Saved entries
_ _ _ _ _
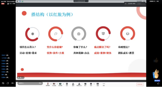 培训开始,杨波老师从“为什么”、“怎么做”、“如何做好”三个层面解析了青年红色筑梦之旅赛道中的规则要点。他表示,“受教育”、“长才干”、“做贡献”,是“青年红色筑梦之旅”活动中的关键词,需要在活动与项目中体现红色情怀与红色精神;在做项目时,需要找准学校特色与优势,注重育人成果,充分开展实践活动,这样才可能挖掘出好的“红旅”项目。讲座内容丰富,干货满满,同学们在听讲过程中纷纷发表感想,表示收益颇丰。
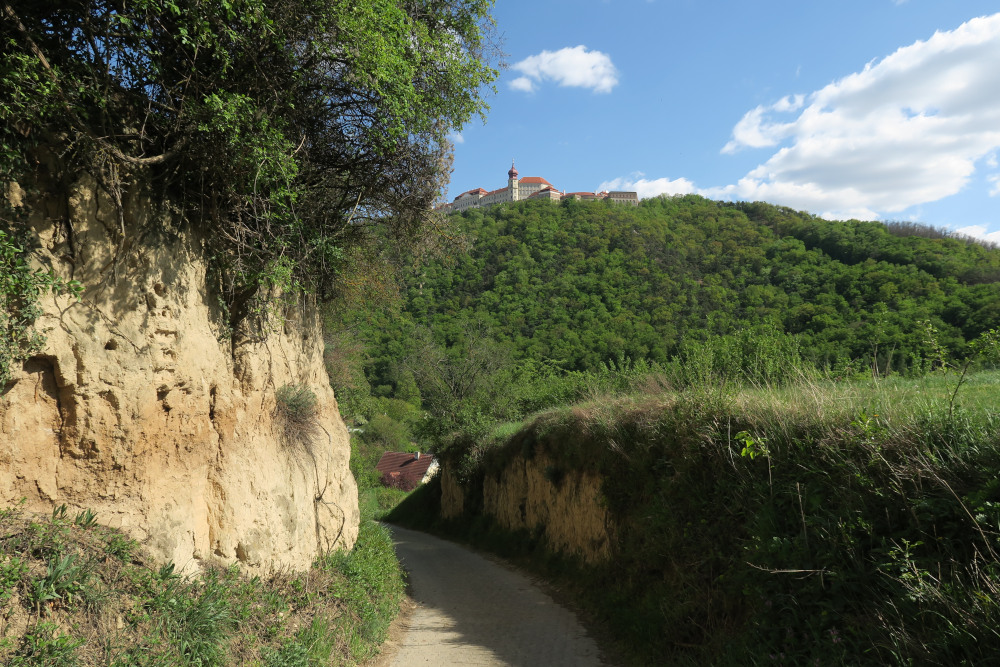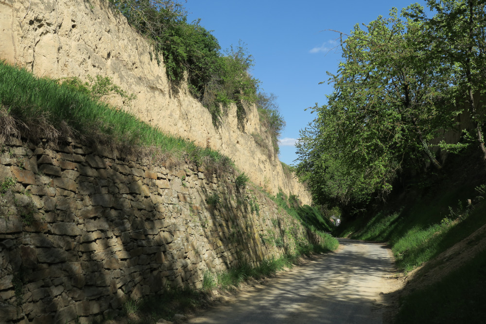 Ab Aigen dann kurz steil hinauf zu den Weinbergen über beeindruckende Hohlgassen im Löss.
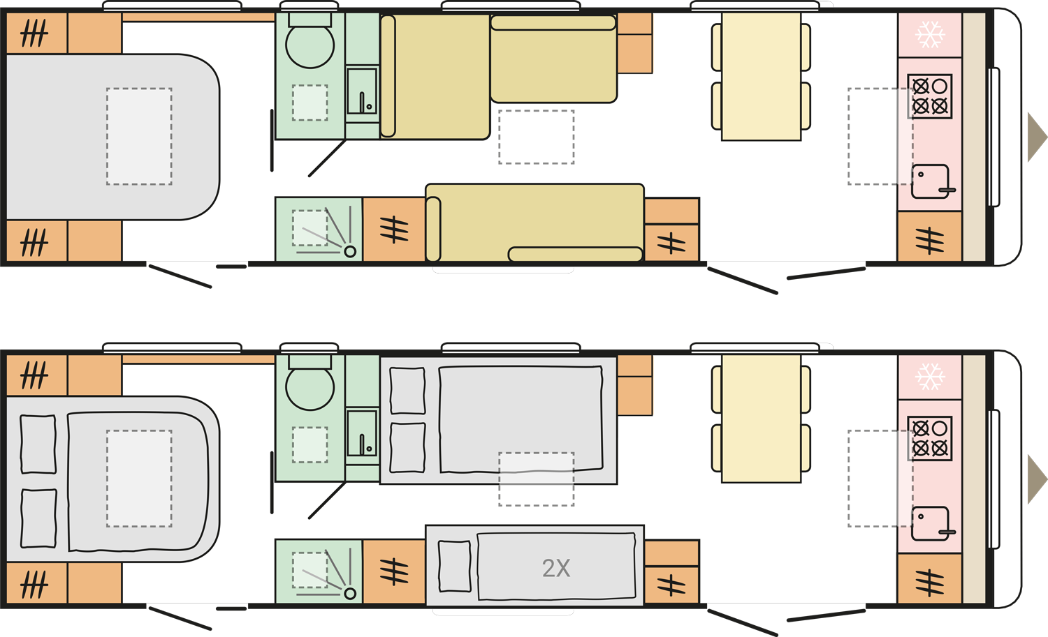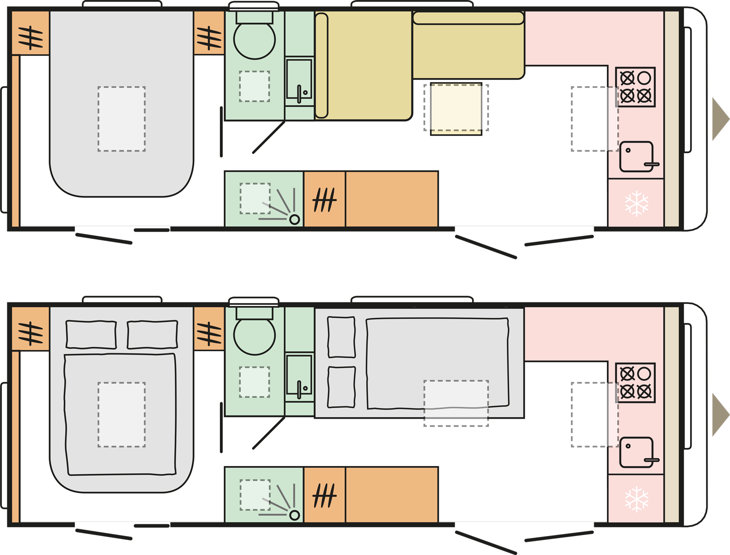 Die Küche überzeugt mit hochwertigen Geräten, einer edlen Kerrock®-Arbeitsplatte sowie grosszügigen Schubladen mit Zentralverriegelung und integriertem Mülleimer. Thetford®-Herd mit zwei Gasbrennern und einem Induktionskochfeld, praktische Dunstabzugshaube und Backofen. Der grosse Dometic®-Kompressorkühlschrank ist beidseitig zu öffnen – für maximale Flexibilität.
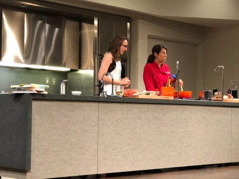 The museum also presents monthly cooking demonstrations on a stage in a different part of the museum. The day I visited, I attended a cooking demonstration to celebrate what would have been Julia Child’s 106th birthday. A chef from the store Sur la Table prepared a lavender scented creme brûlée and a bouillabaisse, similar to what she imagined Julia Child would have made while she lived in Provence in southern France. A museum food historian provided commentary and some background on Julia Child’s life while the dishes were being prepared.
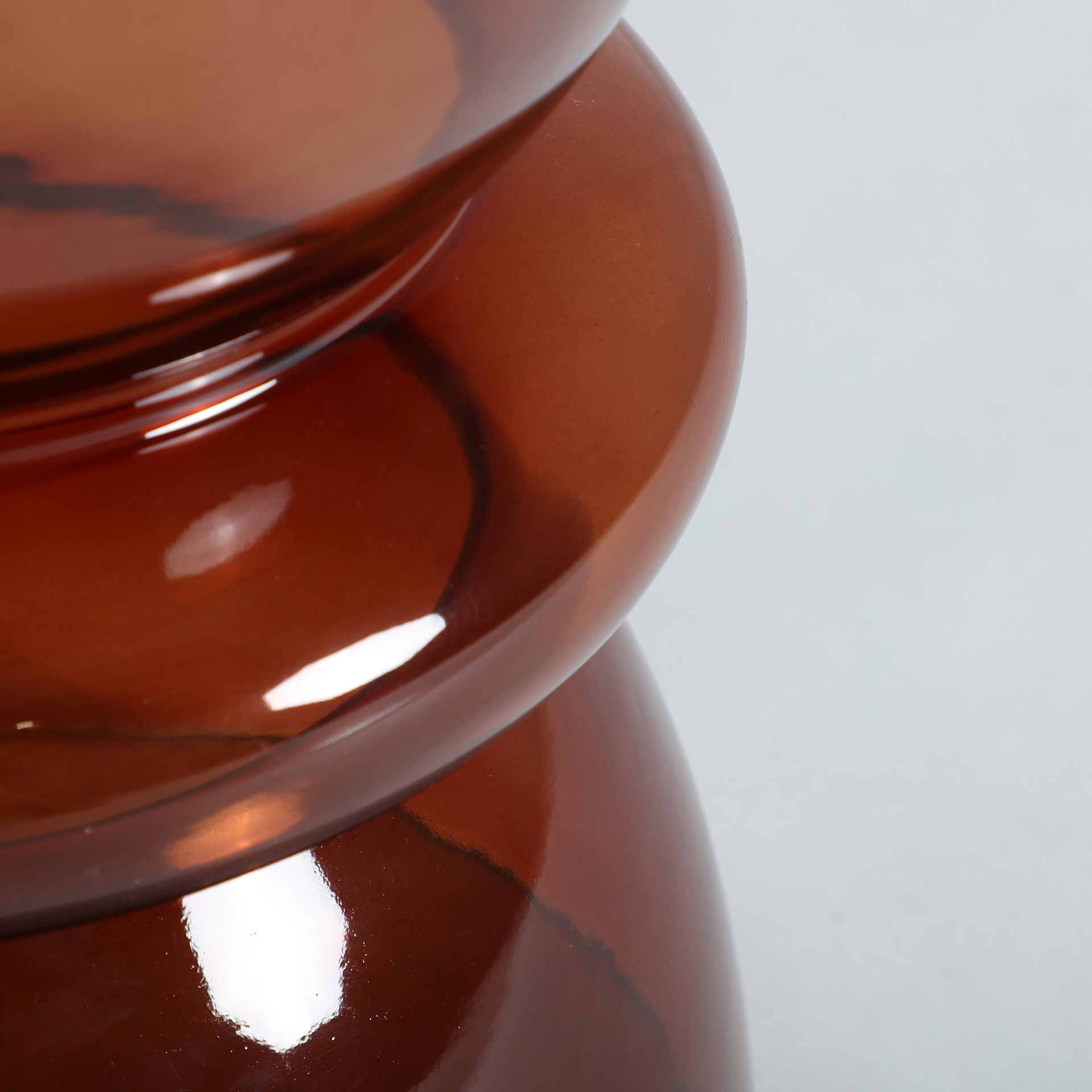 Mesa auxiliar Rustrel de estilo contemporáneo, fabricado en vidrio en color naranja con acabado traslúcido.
_ _ _ _ _
*AIM OF THE TASK*.
Only the lines from the one containing "Ab Aigen dann" through the last line of the entries, both included, should be repeated exactly, and the pictures should be left out.

*TASK RESPONSE*.
 Ab Aigen dann kurz steil hinauf zu den Weinbergen über beeindruckende Hohlgassen im Löss.
 Die Küche überzeugt mit hochwertigen Geräten, einer edlen Kerrock®-Arbeitsplatte sowie grosszügigen Schubladen mit Zentralverriegelung und integriertem Mülleimer. Thetford®-Herd mit zwei Gasbrennern und einem Induktionskochfeld, praktische Dunstabzugshaube und Backofen. Der grosse Dometic®-Kompressorkühlschrank ist beidseitig zu öffnen – für maximale Flexibilität.
 The museum also presents monthly cooking demonstrations on a stage in a different part of the museum. The day I visited, I attended a cooking demonstration to celebrate what would have been Julia Child’s 106th birthday. A chef from the store Sur la Table prepared a lavender scented creme brûlée and a bouillabaisse, similar to what she imagined Julia Child would have made while she lived in Provence in southern France. A museum food historian provided commentary and some background on Julia Child’s life while the dishes were being prepared.
 Mesa auxiliar Rustrel de estilo contemporáneo, fabricado en vidrio en color naranja con acabado traslúcido.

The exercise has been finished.